There is no doubt that a novel and comprehensive method of integration and analysis for cotton omics data is essential to maximize utility of publicly available data, and will help to accelerate cotton research. However, a powerful mining tool for omics data has not previously been available. Differing from CottonGen, CottonDB or CMD, GraP is believed to fill the vacant fields for functional analysis. GraP is more suitable for molecular mechanism-driven investigations of gene batches derived from high-throughput sequencing or microarrays, especially for signal transductions under stresses, and will offer researchers some insights into their studies. GraP provides comprehensive knowledge about a specific gene, including family categories, potential interactive partners, cis -elements, microRNAs and their downstream targets, as well as possible regulatory pathways.

Taking SnRKs as an example, in G. raimondii , Gorai.011G121900 is a member of the SnRK family ( Figure 3 ) and the ortholog of GhSnRK2 ( Figure 4 B). It was shown that in the PPI network ( Figure 4 A), Gorai.011G121900 could directly interact with 100 other proteins, including F-box (Gorai.013G113800), CUL1 ( Gorai.008G009700 ), EBF1 ( Gorai.009G058000 ), bZIP TFs ( Gorai.013G258300 and Gorai.006G111600 ), COI1 ( Gorai.011G279900 ) and AREB3 ( Gorai.009G301400 ). Most of these PPIs have already been verified in Arabidopsis ( 46 , 55 ) ( Supplementary Table S6 ).
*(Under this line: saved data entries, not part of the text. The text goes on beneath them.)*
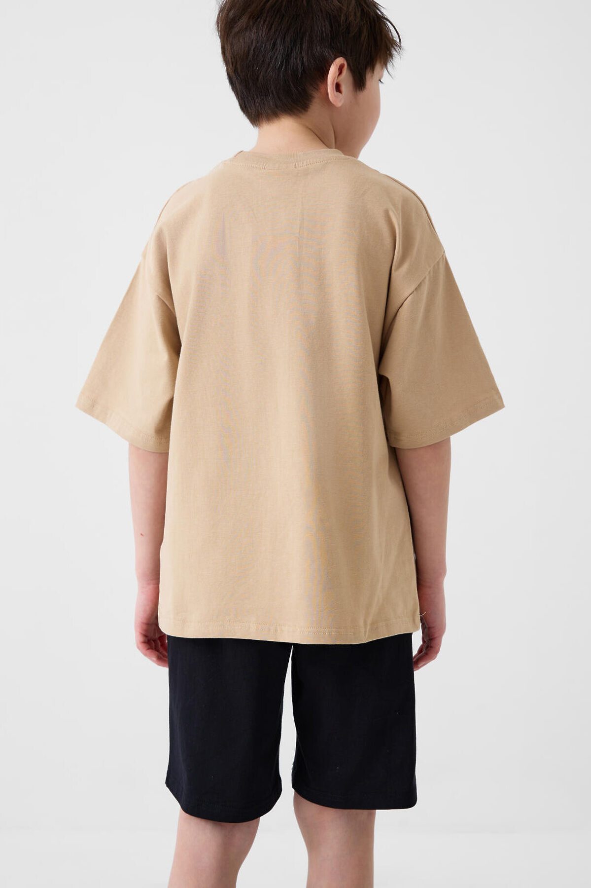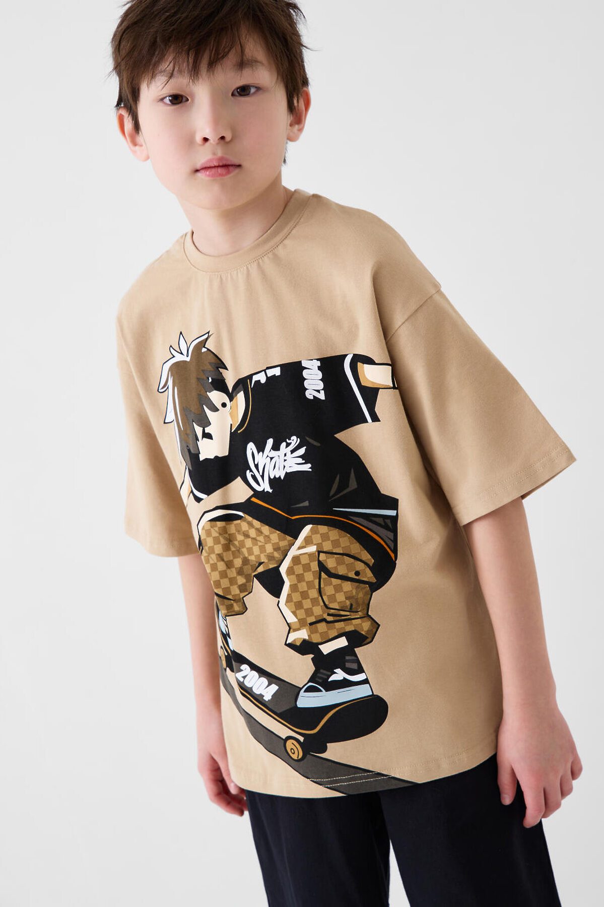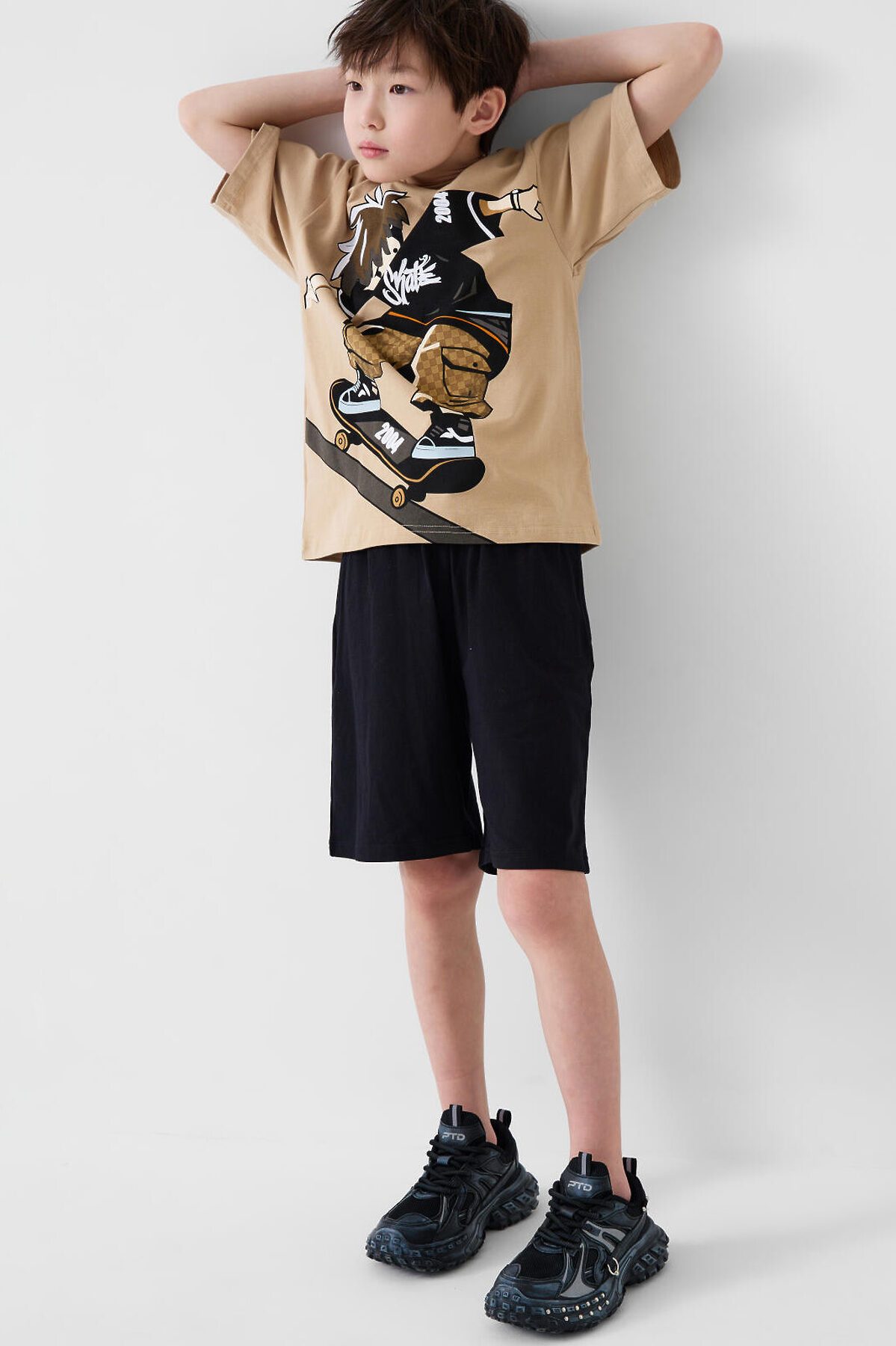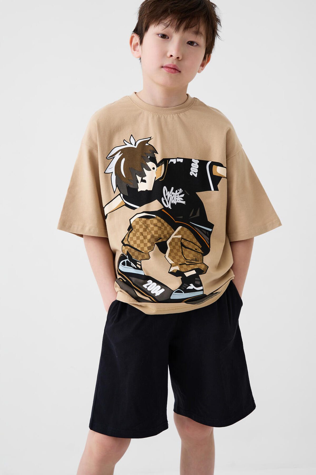 Пижама для мальчика подростка. Состоит из светло-бежевой футболки оверсайз с короткими рукавами и чёрных шорт. Материал - хлопковый трикотаж. На футболке спереди нанесён яркий принт с изображением скейтера в движении . Вырез горловины круглый, с эластичной резинкой. Шорты свободного кроя, с боковыми карманами. Пояс на резинке со шнуром.
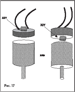 - Конденсатор X2Y наиболее эффективен, когда расположен в том месте металлизированного корпуса, где провода выходят из двигателя. Другими словами, X2Y должен быть последним компонентом, через который проходят помехи при выходе из двигателя (рис.17).
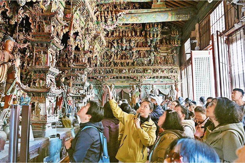 近年来,山西坚持以文塑旅、以旅彰文,把文旅产业作为支柱产业、民生产业、幸福产业来抓,推出“跟着悟空游山西”等特色活动,带动文旅市场持续升温。图为2025年3月21日拍摄的《黑神话:悟空》取景地隰县小西天景区,精美的悬塑让游客们目不暇接。 山西日报社记者 申晋光/摄
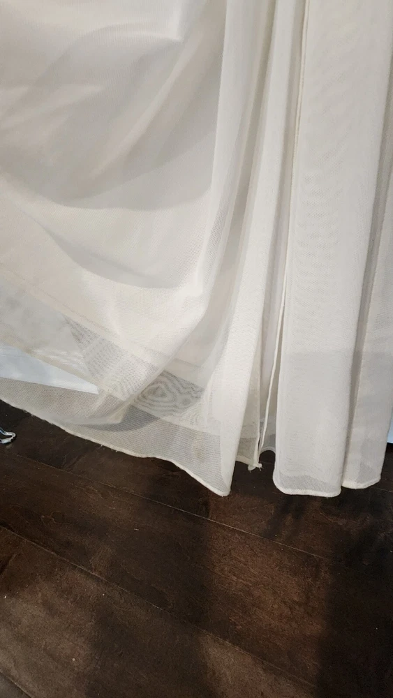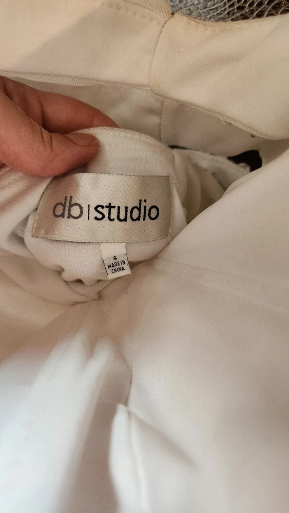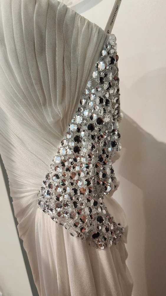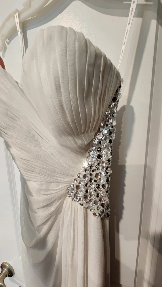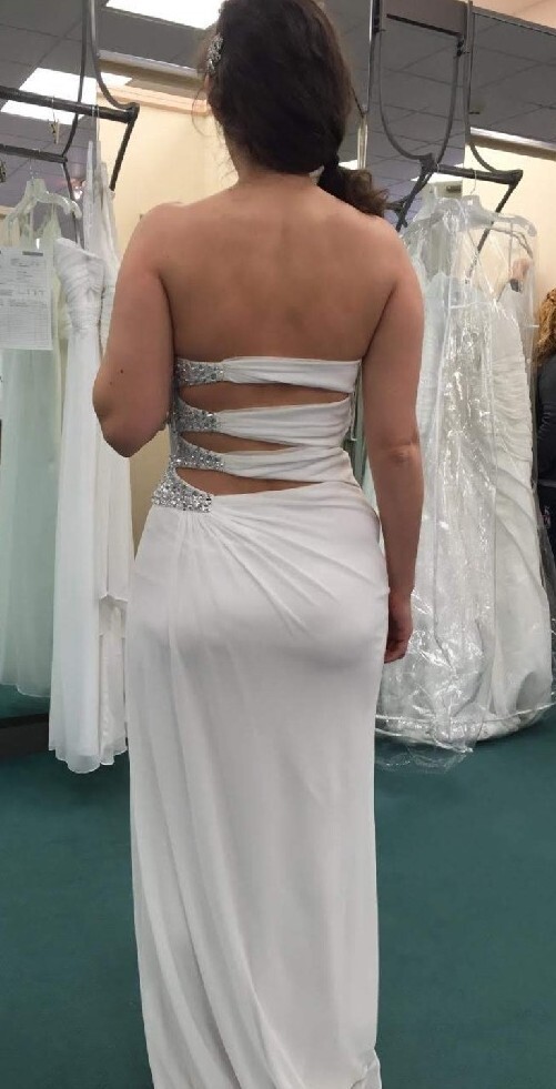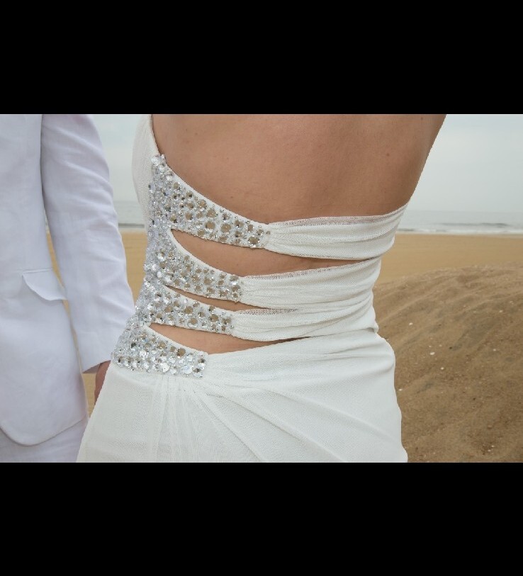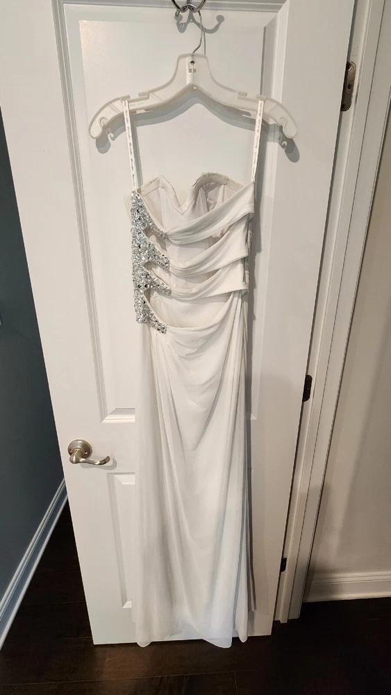 DB STUDIO Wedding Dress Strapless Sheath Slit Rhinestones White 4. Beautiful wedding dress with back cutouts and rhinestones on left side. Zipper on side. Sweetheart neckline, chiffon overlay with slight staining along bottom front of chiffon, not very noticeable. Only worn for 3 hours during beach photo shoot.
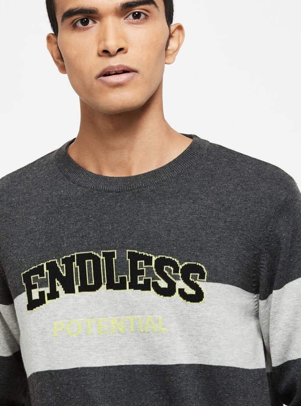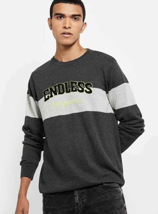 Get winter-ready with this pullover that comes with a typographic print on the surface, crew neck and full sleeves. It also contains a ribbed hem and cuffs.
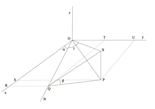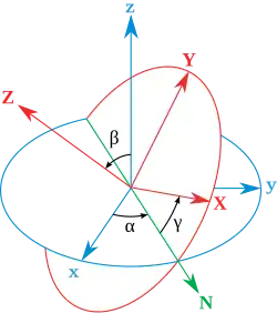 Gegeven zijn twee rechtshandige orthonormale assenstelsels, traditioneel aangeduid met Oxyz en OXYZ. De lijn N is de snijlijn van de vlakken Oxy en OXY.
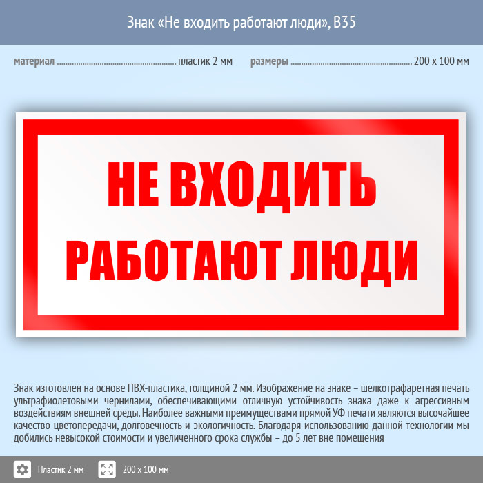 Знак «Не входить работают люди», B35 (пластик, 200х100 мм) в Верее купить
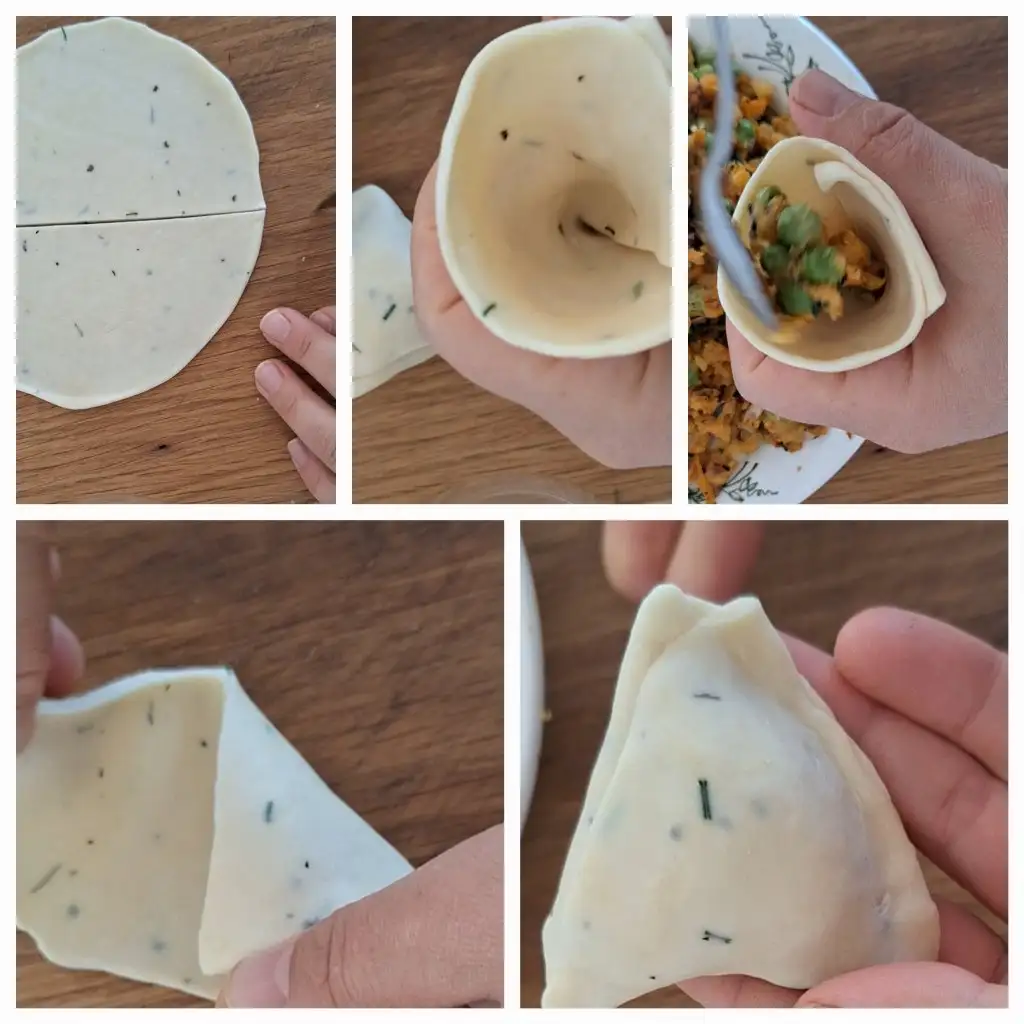 Açtığımız hamuru ikiye kesip honi şekline getirip iç harcını koyup üçgen şeklinde kapatıyoruz
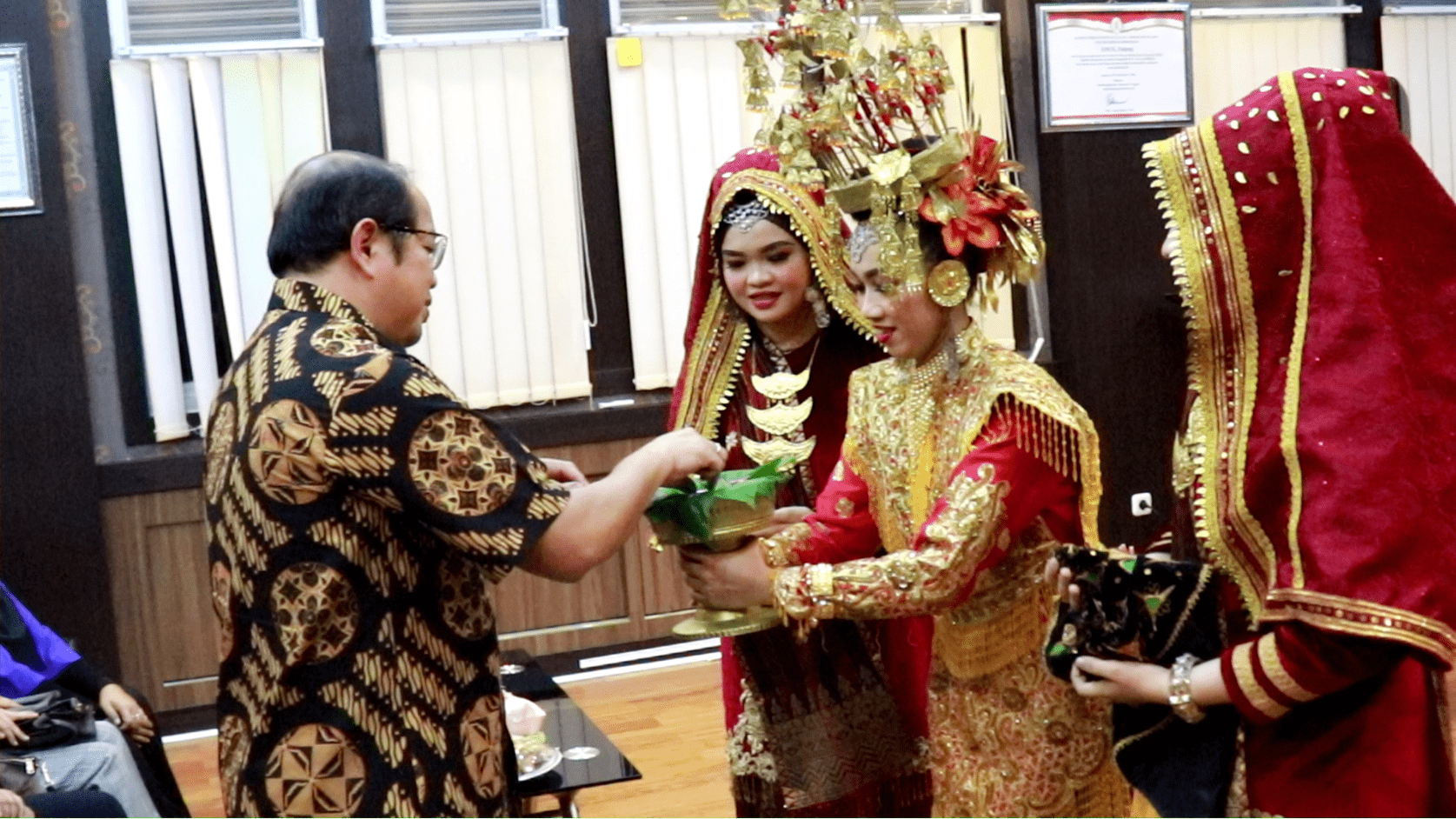 menyuguhkan sirih sebagai pemuliaan tamu dan pemberian deta, yaitu topi adat

In addition, GSEA analysis of all interactors of Gorai.011G121900 , such as Tify, WRKY TFs and various E3 ligases, showed significant enrichment in the response to light stimulus and other important hormones, including ABA and jasmonic acid (Fisher exact test, FDR ≤ 0.05) ( Figure 4 D and Supplementary Table S8 ). Statistical analysis of motifs in the 3000 bp upstream sequences of these protein-coding genes showed that they were significantly related to stress and hormone signaling as well as partially tissue-specific motif factors, such as WRKY71OS, WBOXNTERF3, RAV1AAT and ABRELATERD1 ( P -value ≤ 0.05; Figure 4 C). This showed that these interactors might be transcribed by WRKY TFs and impacted by ABA or other stress-related key elements. It had also been reported that the overexpression of GhSnRK2 in Arabidopsis led to reduced water loss under salt and drought stresses as well as the up-regulation of other key elements, such as AtABI3, AtCBF1 and AtABI5 ( 10 ). Furthermore, GhSnRK2 silencing in cotton plants results in a phenotype of alleviated drought tolerance ( 10 ). Gra.16.2.A1_x_at was the corresponding probe set of Gorai.011G121900 and it had 157 positively co-expressed probe sets. Gene ontology enrichment analysis of these probe sets using agriGO ( 56 ) exhibited that response to water and chemical stimuli as well as the regulation of gene expression were significantly enriched ( P -value ≤ 0.05) ( Supplementary Figure S2 and Supplementary Data ). Moreover, MIR393 is involved in auxin signaling and controlled leaf development under salt stress, and MIR482 is a family of disease resistance-related miRNAs ( 57 , 58 ). Both MIR393 and MIR482 participate in the posttranscriptional regulation of transcribed mRNAs from the interactors of Gorai.011G121900 ( Figure 3 ). In summary, all the mined information illustrated that Gorai.011G121900 was involved in tissue development, hormone and stress resistance ( Supplementary Table S8 ).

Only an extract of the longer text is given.